Hotspot row updates are a common issue in relational databases, and there are often no good solutions for handling them during emergency situations (due to the nature of the business, which typically involves considering rate limiting or service degradation). From a long-term optimization perspective, one can consider optimizing and adjusting transaction logic (e.g., using select for update wait 1). OceanBase has been actively exploring optimizations for hotspot concurrency and has already implemented effective solutions. For more details, refer to OceanBase's Early Row Lock Release feature, which enhances the performance of single-row concurrency.
Change implementation/rollback & considerations
After the preceding chapters, you should have a better understanding of how to handle common emergency situations. The remaining task is to implement the necessary emergency measures to restore the database to normal operation. When handling emergencies in OceanBase Database, pay attention to the following points:
Clearly document and verify each emergency change operation, which can serve as a reference for further diagnostics if the recovery fails.

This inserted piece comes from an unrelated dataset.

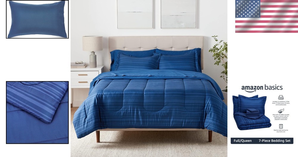 Luxurious Full/Queen 7-Piece Bedding Set - Cozy Blue Microfiber Comforter ‹ › ‹ › ‹ › ‹ › ‹ › ‹ › ‹ › ‹ › ‹ › ‹ › Luxurious Full/Queen 7-Piece Bedding Set Immerse yourself in a world of comfort and elegance with our stunning Cozy Blue Microfiber Comforter set. This opulent bedding ensemble is designed to create a serene and inviting atmosphere for your personal sanctuary. Features: Complete 7-Piece Set: Includes a plush comforter, oversized flat sheet (66 x 96 inches), fitted sheet (39 x 80 x 12 inches), sham (20 x 26 inches), and a pillowcase (20 x 30 inches), ensuring a comprehensive bedding solution. All-Season Warmth: Made from lightweight 100% polyester microfiber, providing warmth and comfort without the added weight - perfect for -round use. Stylish Design: Features a classic blue calvin striped design that adds a sophisticated touch to your bedroom decor. Easy Care: Fully machine washable and dryable for effortless maintenance, helping you maintain a fresh sleeping environment. Safety Assurance: Certified MADE IN GREEN by OEKO-TEX, ensuring that our products meet high safety standards and are manufactured in environmentally responsible workplaces. Benefits: Transforms your bedroom into a cozy retreat. Soft and durable material provides both comfort and style. Lightweight warmth suitable for any season. Effortless cleaning for a pristine sleeping space. Peace of mind knowing your bedding is safe and ecologically made. Why Choose Our Luxurious Bedding Set? Elevate your sleeping experience with our elegant Luxurious Full/Queen 7-Piece Bedding Set. Perfect for any bedroom or college dorm, this set harmoniously blends style with functionality, allowing you to sleep in utmost comfort and luxury. Revitalize your bedroom decor while ensuring sweet dreams every night! Don’t wait to indulge in plush comfort—experience the luxury of our Cozy Blue Microfiber Comforter set today! Shipping Free & Fast Shipping - We offer free shipping to most of the USA with a normal delivery time of 3-7 days. However, due to the current situation, additional delivery time (up to 3 weeks) may be required for some items. Alternative Carriers - We may use alternative carriers (e.g. USPS, FedEx, UPS, etc.) to ensure your package arrives safely and on time. Due to the use of multiple carriers, we are unable to provide a tracking number automatically. Handling Time - Orders are processed and shipped within 1-2 business days of receiving cleared payment. Shipping Restrictions - Shipping to Alaska, Hawaii, Puerto Rico, Guam, and other US territories may incur shipping charges or delivery restrictions. Please contact us before ordering, or your order can be refunded/cancelled. State Restrictions - There may be restrictions based on your state of purchase. For example, certain items may not be shipped to California due to state regulations. Contact for Tracking Updates - If you require tracking updates or have any concerns about the delivery of your order, please feel free to contact us, and we will be happy to assist you. Return 30-Day Hassle-Free Returns - We want you to be completely satisfied with your purchase. If you are not, you can return the item within 30 days of receiving it for a full refund or exchange. Easy Return Process - To start a return, simply contact us and we will provide you with a prepaid return shipping label and detailed instructions. Restocking Fee - There are no restocking fees for returns. However, the buyer is responsible for return shipping costs if the return is not due to a seller's error. Refund Processing Time - Refunds will be processed within 5 business days of receiving the returned item in its condition. Payment We accept all major credit cards, PayPal, and Apple Pay for your convenience. Your payment information is secure and encrypted to ensure a safe and seamless transaction. Please complete your payment within 3 days of purchase to avoid any delays in shipping. Feedback Your feedback is extremely important to us. We strive to provide the best products and customer service possible. If you are satisfied with your purchase, please take a moment to leave us a positive review. If you have any concerns or issues with your order, please contact us before leaving negative feedback. We are committed to resolving any problems and ensuring your satisfaction. Contact Us If you have any questions or concerns, please feel free to out to our customer support team. You can contact us through the eBay messaging system. We are available Monday to Friday, 9:00 am to 5:00 pm EST, and we will do our best to respond to your inquiry within 24 hours. Buy it now and enjoy a pleasant shopping experience! Set Includes: Comforter,Fitted Sheet,Flat Sheet,Pillowcase,Pillow Sham Material: Microfiber,100% Polyester Features: Lightweight,All-Season Warmth,Cozy Sleeping Space,Easy Home Care Theme: Luxury Care Instructions: Do Not Bleach,Machine Wash,Machine Wash Cold Department: Unisex Baby & Toddler,Kids,Teens,Adults Room: Bedroom,College Dorms Size: Queen Type: Comforter Set Color: Blue Fill Material: Polyester Pattern: Striped Insulation: All Seasons Style: Contemporary Number of Items in Set: 7 Season: All Closure Type: No Closure Thread Count: 200 or Less GSM (Grams per Square Meter): Below 150

It is recommended to record backup site information as much as possible, including observer logs and core files during the abnormal period, etc.
By default, the emergency recovery operations discussed in this chapter are performed without compromising the majority of the cluster data or compromising data consistency. If you need to activate a single replica or handle clogs in multiple replicas, contact OceanBase Technical Support.
After the emergency actions are completed and the business is restored, it is recommended to roll back the parameter changes and conduct a post-mortem on the issue or failure based on the on-site information preserved during the emergency. This will allow you to conduct root cause analysis on the issue.